## [Problem to solve]
Write out exactly the lines from the one holding "Conjunto de 4" to the last line of the entries, both ends included and nothing else, without the pictures.

## [Exercise input]
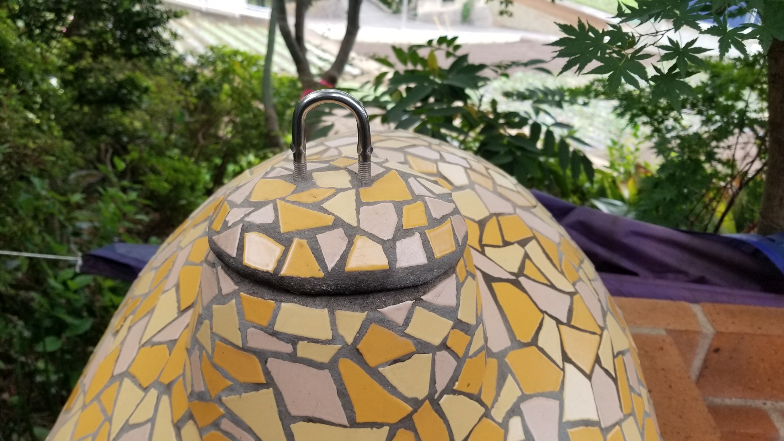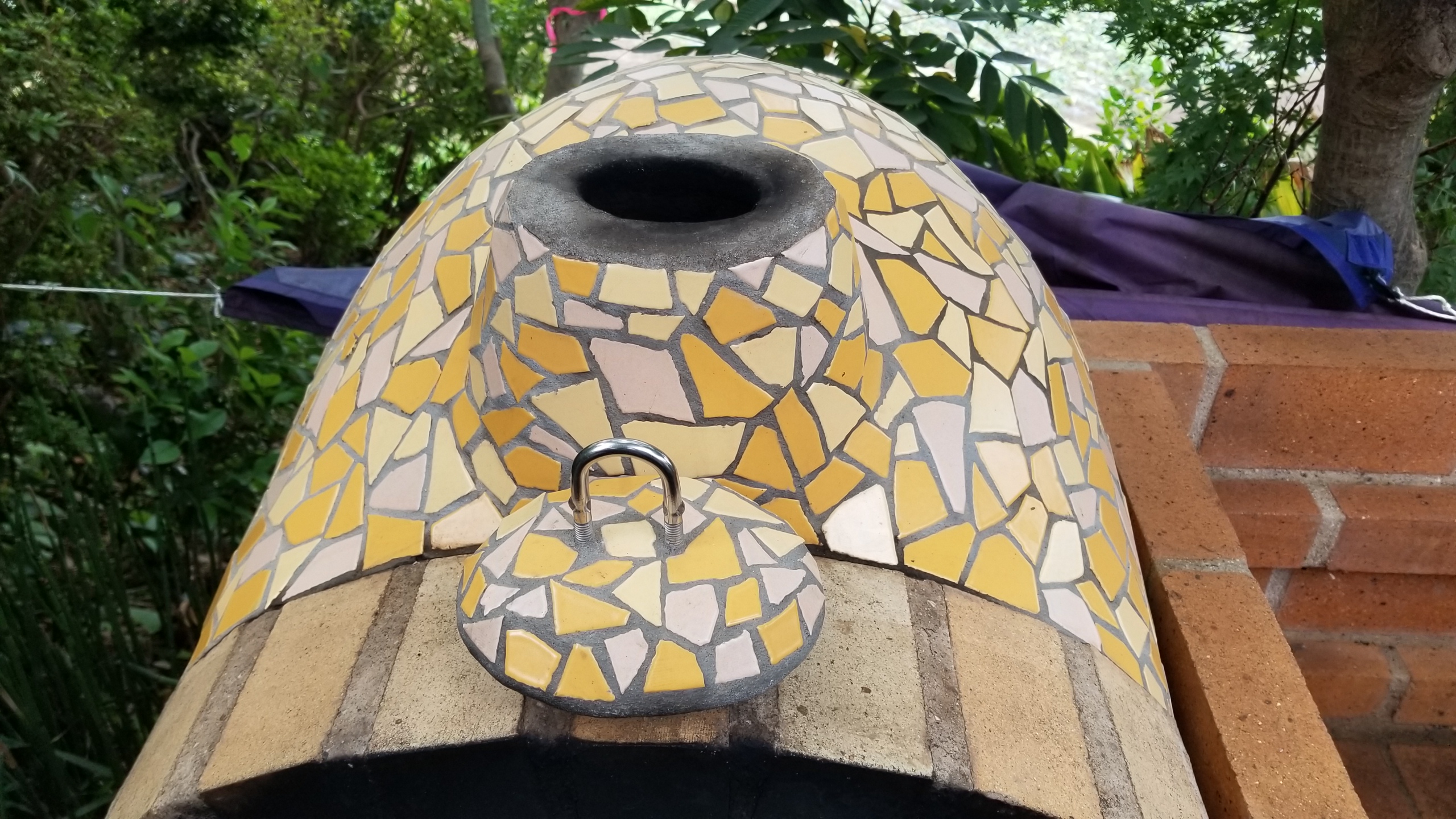 耐熱セメントの躯体には乱形に砕いたタイルで化粧されてます。
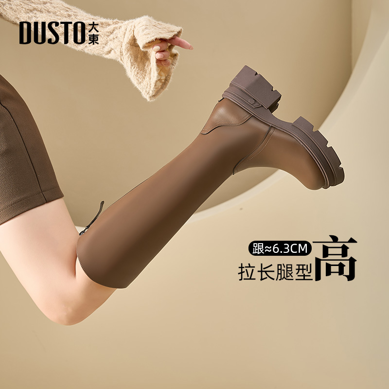 大东骑士靴女鞋2025冬季新款时尚休闲粗跟高跟后拉链圆头D0125
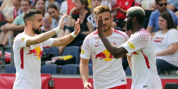 Meister Red Bull Salzburg hat die Generalprobe für das Halbfinal-Hinspiel der Europa League am Donnerstag bei Olympique Marseille erfolgreich gestaltet. Die Salzburger setzten sich am Sonntag in der Fußball-Bundesliga zu Hause gegen SCR Altach letztlich ungefährdet mit 3:1 (1:0) durch. Die Tore erzielten Jerome Onguene (7.), Hannes Wolf (47.) und Andreas Ulmer (96.) bzw. Marco Meilinger (60.).
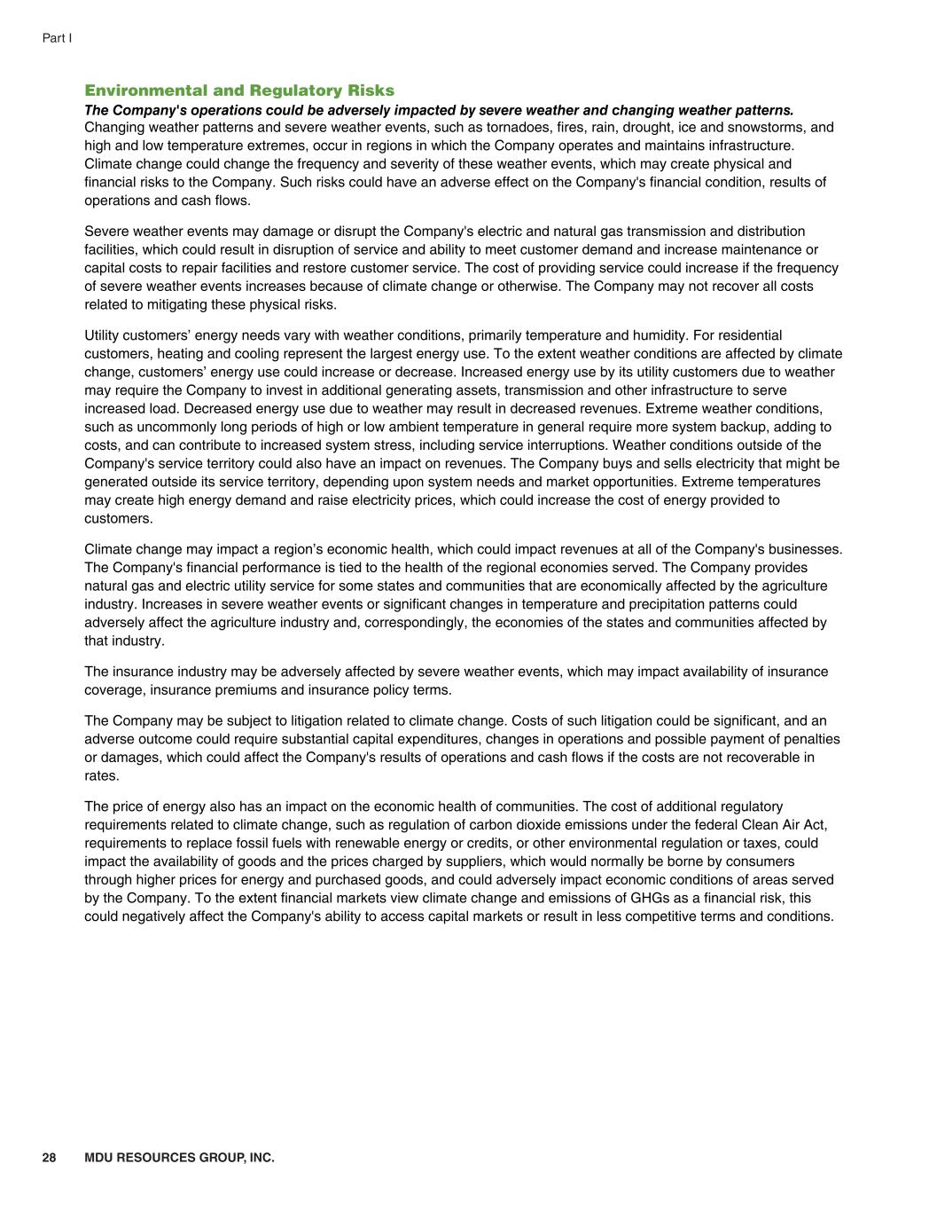 MDU RESOURCES GROUP, INC. Part I 28 Environmental and Regulatory Risks The Company's operations could be adversely impacted by severe weather and changing weather patterns. Changing weather patterns and severe weather events, such as tornadoes, fires, rain, drought, ice and snowstorms, and high and low temperature extremes, occur in regions in which the Company operates and maintains infrastructure. Climate change could change the frequency and severity of these weather events, which may create physical and financial risks to the Company. Such risks could have an adverse effect on the Company's financial condition, results of operations and cash flows. Severe weather events may damage or disrupt the Company's electric and natural gas transmission and distribution facilities, which could result in disruption of service and ability to meet customer demand and increase maintenance or capital costs to repair facilities and restore customer service. The cost of providing service could increase if the frequency of severe weather events increases because of climate change or otherwise. The Company may not recover all costs related to mitigating these physical risks. Utility customers’ energy needs vary with weather conditions, primarily temperature and humidity. For residential customers, heating and cooling represent the largest energy use. To the extent weather conditions are affected by climate change, customers’ energy use could increase or decrease. Increased energy use by its utility customers due to weather may require the Company to invest in additional generating assets, transmission and other infrastructure to serve increased load. Decreased energy use due to weather may result in decreased revenues. Extreme weather conditions, such as uncommonly long periods of high or low ambient temperature in general require more system backup, adding to costs, and can contribute to increased system stress, including service interruptions. Weather conditions outside of the Company's service territory could also have an impact on revenues. The Company buys and sells electricity that might be generated outside its service territory, depending upon system needs and market opportunities. Extreme temperatures may create high energy demand and raise electricity prices, which could increase the cost of energy provided to customers. Climate change may impact a region’s economic health, which could impact revenues at all of the Company's businesses. The Company's financial performance is tied to the health of the regional economies served. The Company provides natural gas and electric utility service for some states and communities that are economically affected by the agriculture industry. Increases in severe weather events or significant changes in temperature and precipitation patterns could adversely affect the agriculture industry and, correspondingly, the economies of the states and communities affected by that industry. The insurance industry may be adversely affected by severe weather events, which may impact availability of insurance coverage, insurance premiums and insurance policy terms. The Company may be subject to litigation related to climate change. Costs of such litigation could be significant, and an adverse outcome could require substantial capital expenditures, changes in operations and possible payment of penalties or damages, which could affect the Company's results of operations and cash flows if the costs are not recoverable in rates. The price of energy also has an impact on the economic health of communities. The cost of additional regulatory requirements related to climate change, such as regulation of carbon dioxide emissions under the federal Clean Air Act, requirements to replace fossil fuels with renewable energy or credits, or other environmental regulation or taxes, could impact the availability of goods and the prices charged by suppliers, which would normally be borne by consumers through higher prices for energy and purchased goods, and could adversely impact economic conditions of areas served by the Company. To the extent financial markets view climate change and emissions of GHGs as a financial risk, this could negatively affect the Company's ability to access capital markets or result in less competitive terms and conditions. Index Part I 28 MDU Resources Group, Inc. Form 10-K
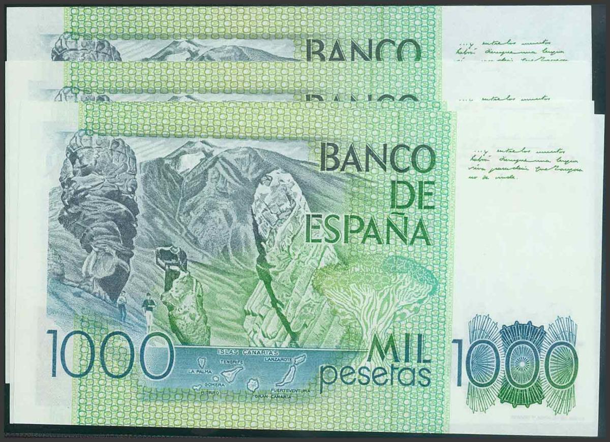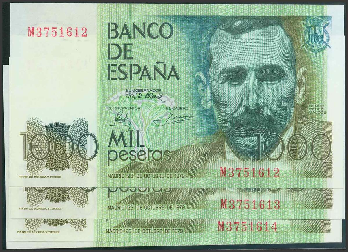 Conjunto de 4 billetes correlativos de 1000 Pesetas emitidos el 23 de Diciembre de 1979, serie M (Edifil 2017: 477a). SC.
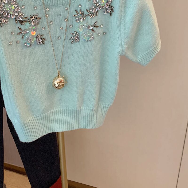 Nomikuma ダイヤモンド O ネック半袖ニット Tシャツ夏トップス因果甘い Tシャツ ショート ハーフスリーブ 大人ガーリー スウィート キュート カジュアル サマー 夏物 Oネック
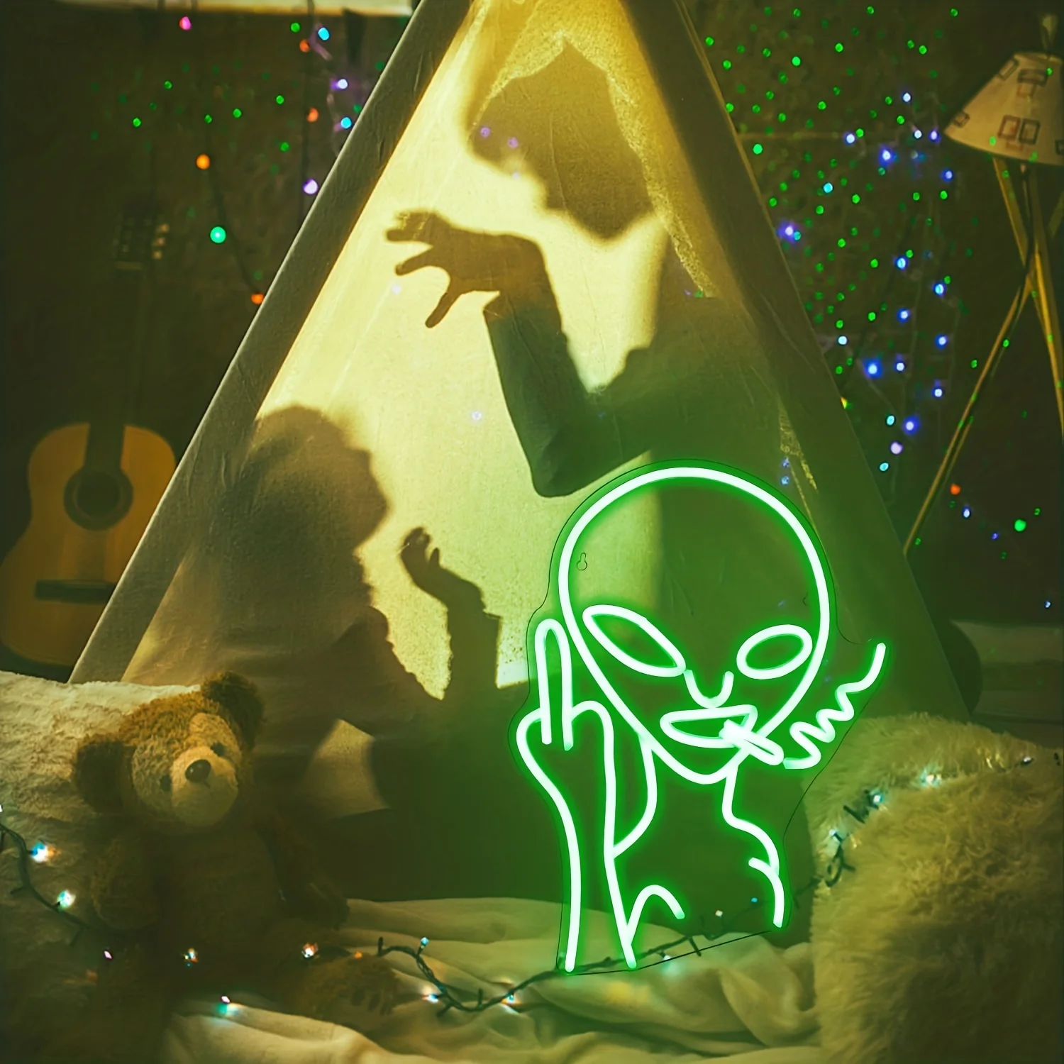 * Alien Bedroom Decor: Are you looking to add a little brightness and interesting thing to your room or office, the alien smoker shape neon sign can deliver just the right amount of luminosity and add a fun atmosphere.
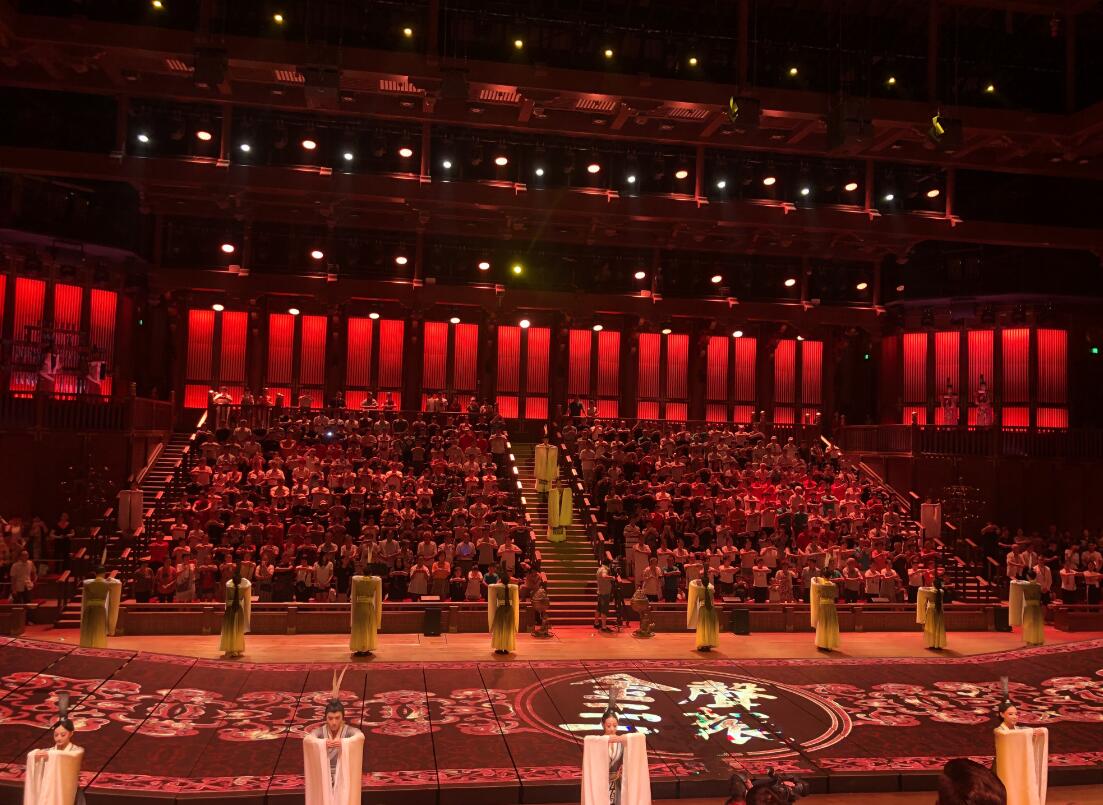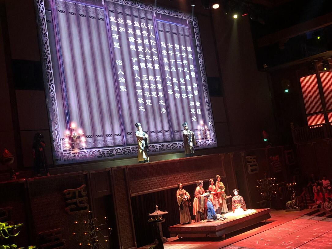启动仪式后,大型礼乐演出《金声玉振》精彩上演。《金声玉振》大型演艺节目,是以“世界的孔子”和“孔子的世界”作为立意方向,将诗、乐、舞等中国古典艺术形式与当代技术手段相结合,整场演出纵贯人的一生,演绎出“由凡入圣”的过程,引导观众走进“风雅颂”的礼乐画卷,感受明礼的典雅生活方式,融入中华千年礼乐文明的灿烂历程。立体现代的演出舞台,将丰富的传统文化内涵、强烈的声光电和音响效果、美轮美奂的精彩表演相结合,打造了一场精品文化盛宴。
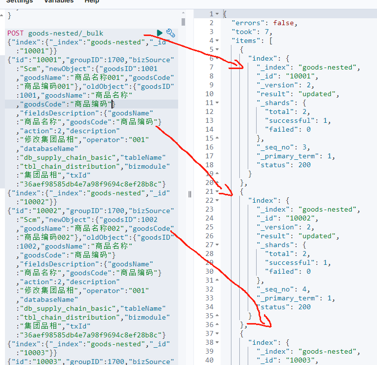 POST goods-nested/_bulk{"index":{"_index":"goods-nested","_id":"10001"}}{"id":"10001","groupID":1700,"bizSource":"Scm","newObject":{"goodsID":1001,"goodsName":"商品名称001","goodsCode":"商品编码001"},"oldObject":{"goodsID":1001,"goodsName":"商品名称","goodsCode":"商品编码"},"fieldsDescription":{"goodsName":"商品名称","goodsCode":"商品编码"},"action":2,"description":"修改集团品相","operator":"001","databaseName":"db_supply_chain_basic","tableName":"tbl_chain_distribution","bizmodule":"集团品相","txId":"36aef98585db4e7a98f9694c8ef28b8c"}{"index":{"_index":"goods-nested","_id":"10002"}}{"id":"10002","groupID":1700,"bizSource":"Scm","newObject":{"goodsID":1002,"goodsName":"商品名称002","goodsCode":"商品编码002"},"oldObject":{"goodsID":1002,"goodsName":"商品名称","goodsCode":"商品编码"},"fieldsDescription":{"goodsName":"商品名称","goodsCode":"商品编码"},"action":2,"description":"修改集团品相","operator":"001","databaseName":"db_supply_chain_basic","tableName":"tbl_chain_distribution","bizmodule":"集团品相","txId":"36aef98585db4e7a98f9694c8ef28b8c"}{"index":{"_index":"goods-nested","_id":"10003"}}{"id":"10003","groupID":1700,"bizSource":"Scm","newObject":{"goodsID":1003,"goodsName":"商品名称003","goodsCode":"商品编码003"},"oldObject":{"goodsID":1003,"goodsName":"商品名称","goodsCode":"商品编码"},"fieldsDescription":{"goodsName":"商品名称","goodsCode":"商品编码"},"action":2,"description":"修改集团品相","operator":"001","databaseName":"db_supply_chain_basic","tableName":"tbl_chain_distribution","bizmodule":"集团品相","txId":"36aef98585db4e7a98f9694c8ef28b8c"}

## [Expected output]
 Conjunto de 4 billetes correlativos de 1000 Pesetas emitidos el 23 de Diciembre de 1979, serie M (Edifil 2017: 477a). SC.
 Nomikuma ダイヤモンド O ネック半袖ニット Tシャツ夏トップス因果甘い Tシャツ ショート ハーフスリーブ 大人ガーリー スウィート キュート カジュアル サマー 夏物 Oネック
 * Alien Bedroom Decor: Are you looking to add a little brightness and interesting thing to your room or office, the alien smoker shape neon sign can deliver just the right amount of luminosity and add a fun atmosphere.
启动仪式后,大型礼乐演出《金声玉振》精彩上演。《金声玉振》大型演艺节目,是以“世界的孔子”和“孔子的世界”作为立意方向,将诗、乐、舞等中国古典艺术形式与当代技术手段相结合,整场演出纵贯人的一生,演绎出“由凡入圣”的过程,引导观众走进“风雅颂”的礼乐画卷,感受明礼的典雅生活方式,融入中华千年礼乐文明的灿烂历程。立体现代的演出舞台,将丰富的传统文化内涵、强烈的声光电和音响效果、美轮美奂的精彩表演相结合,打造了一场精品文化盛宴。
 POST goods-nested/_bulk{"index":{"_index":"goods-nested","_id":"10001"}}{"id":"10001","groupID":1700,"bizSource":"Scm","newObject":{"goodsID":1001,"goodsName":"商品名称001","goodsCode":"商品编码001"},"oldObject":{"goodsID":1001,"goodsName":"商品名称","goodsCode":"商品编码"},"fieldsDescription":{"goodsName":"商品名称","goodsCode":"商品编码"},"action":2,"description":"修改集团品相","operator":"001","databaseName":"db_supply_chain_basic","tableName":"tbl_chain_distribution","bizmodule":"集团品相","txId":"36aef98585db4e7a98f9694c8ef28b8c"}{"index":{"_index":"goods-nested","_id":"10002"}}{"id":"10002","groupID":1700,"bizSource":"Scm","newObject":{"goodsID":1002,"goodsName":"商品名称002","goodsCode":"商品编码002"},"oldObject":{"goodsID":1002,"goodsName":"商品名称","goodsCode":"商品编码"},"fieldsDescription":{"goodsName":"商品名称","goodsCode":"商品编码"},"action":2,"description":"修改集团品相","operator":"001","databaseName":"db_supply_chain_basic","tableName":"tbl_chain_distribution","bizmodule":"集团品相","txId":"36aef98585db4e7a98f9694c8ef28b8c"}{"index":{"_index":"goods-nested","_id":"10003"}}{"id":"10003","groupID":1700,"bizSource":"Scm","newObject":{"goodsID":1003,"goodsName":"商品名称003","goodsCode":"商品编码003"},"oldObject":{"goodsID":1003,"goodsName":"商品名称","goodsCode":"商品编码"},"fieldsDescription":{"goodsName":"商品名称","goodsCode":"商品编码"},"action":2,"description":"修改集团品相","operator":"001","databaseName":"db_supply_chain_basic","tableName":"tbl_chain_distribution","bizmodule":"集团品相","txId":"36aef98585db4e7a98f9694c8ef28b8c"}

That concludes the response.